Curve fitting based efficient parameter selection for robust provable data possession
- Publication Type:
- Journal Article
- Journal of Parallel and Distributed Computing, 2018, 120 pp. 62 - 76
- Issue Date:
© 2018 Elsevier Inc. Cyberspace faces a series of threats that can spread rapidly across distributed systems. Many such transmissible cyber threats aim to damage users’ data. In recent years, the popularity of cloud computing has driven a lot of users to save their data in the cloud. The centralization of users’ data in the cloud has created new opportunities and incentives for transmissible cyber threats targeting users’ data. In this context, in addition to cloud vendor's security mechanisms, it is important to allow users to efficiently verify the integrity of their data saved in the cloud. The seminal sampling based PDP (Provable Data Possession) scheme can attain effective probabilistic verification with high computational efficiency for the integrity of users’ data saved in the cloud by use of a set of randomly sampled data blocks.
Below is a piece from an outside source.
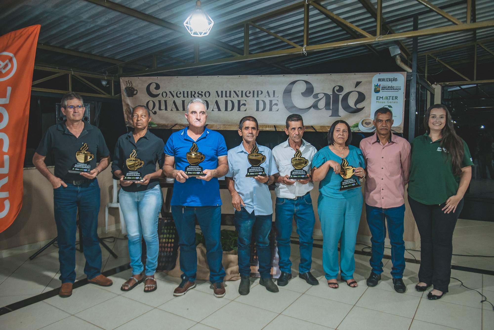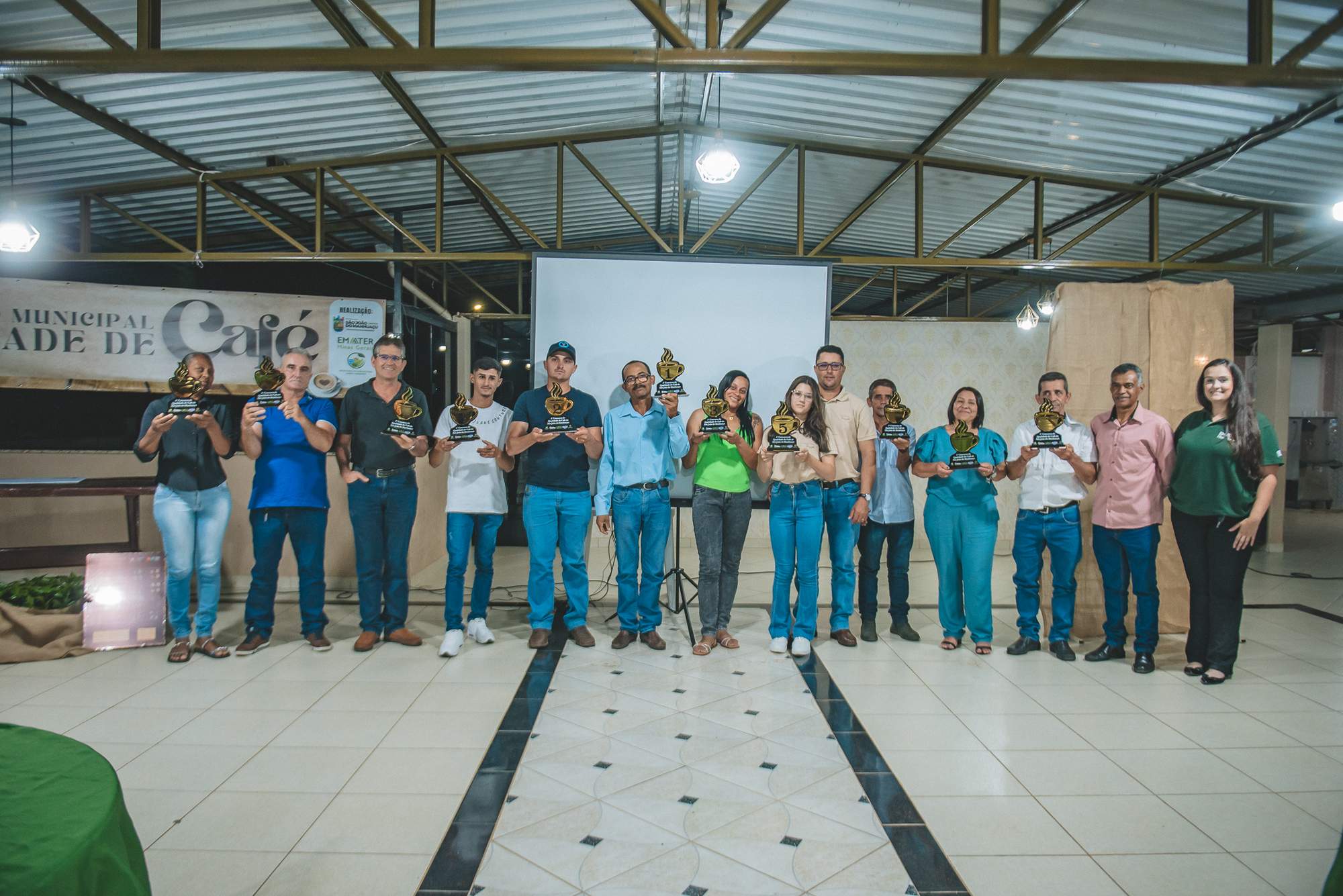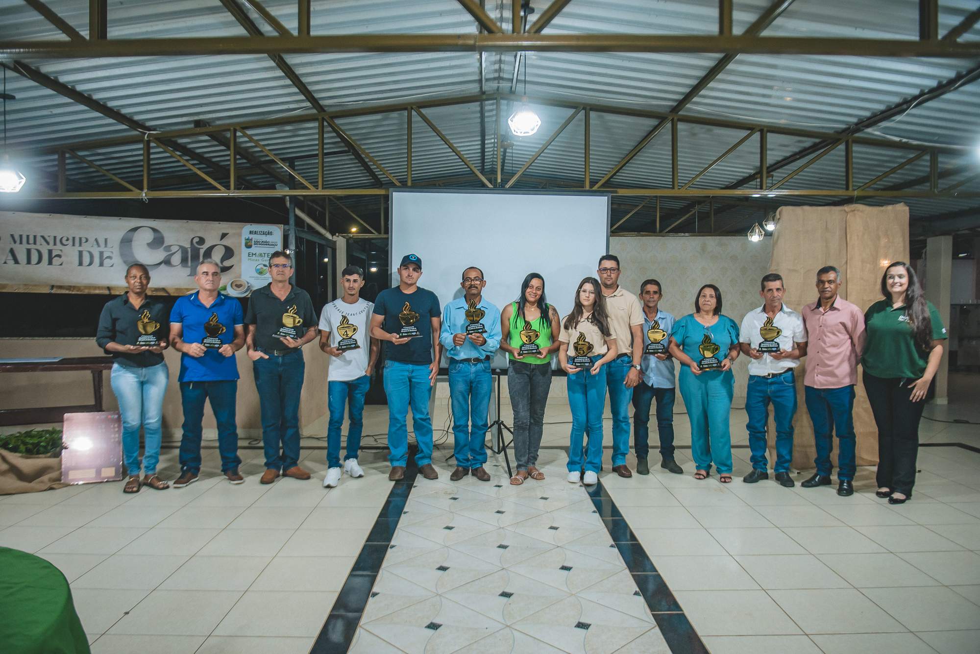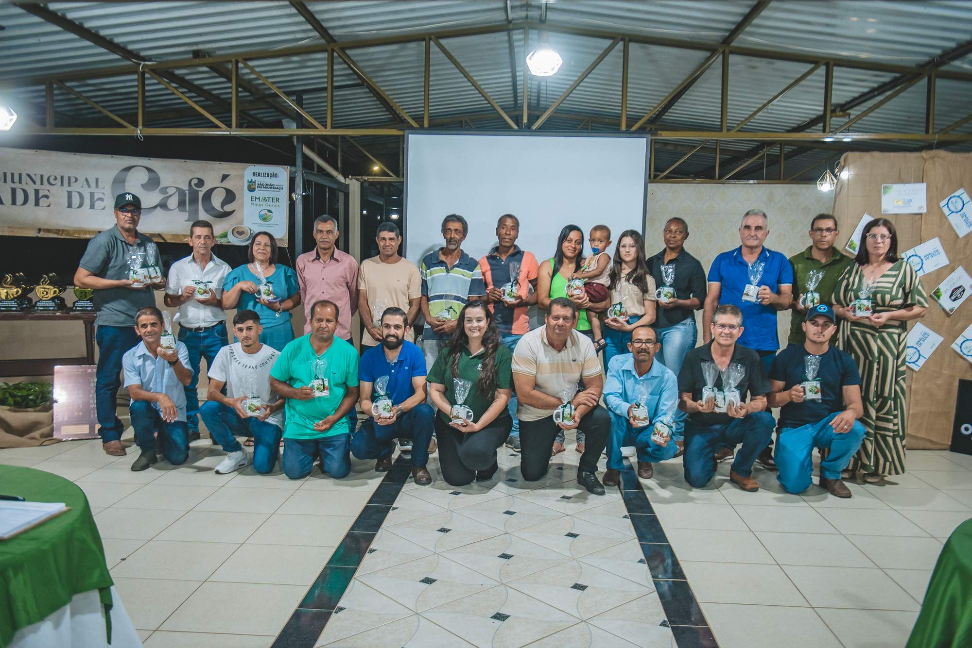 SÃO JOÃO DO MANHUAÇU (MG) - Produtores rurais de diversas comunidades participaram da cerimônia de premiação do 5º Concurso de Qualidade de Café de São João do Manhuaçu, realizada com apoio da Secretaria Municipal de Agricultura, Prefeitura de São João do Manhuaçu e Emater-MG. O evento reuniu autoridades locais, técnicos da Emater e representantes do setor cafeeiro.

By integrating with the forward error correcting (FEC) technique, a recently-proposed robust PDP scheme can protect against arbitrarily small amounts of data corruption and has therefore been widely adopted in practice. It is a core task to determine the number of sample blocks in this scheme because this parameter plays a fundamental role in balancing the security of the scheme and the computational cost. A smaller value can comprise the security while a larger one can incur extra high computational cost. Existing work mainly leverages the Monte Carlo methods to estimate this parameter. However, these methods suffer from heavy computational cost. In this paper, we propose a method to determine this parameter based on the curve fitting technique. Specifically, we formally analyze the parameter selection process of the robust PDP scheme, and leverage the curve fitting technique to improve the efficiency of parameter selection while ensuring the optimality of the number of samples for the robustness of the scheme. Extensive experimental results demonstrate the effectiveness and efficiency of our approach. Specifically, it can be 25 times faster than the existing solution for 1, 000, 000 times simulated attacks.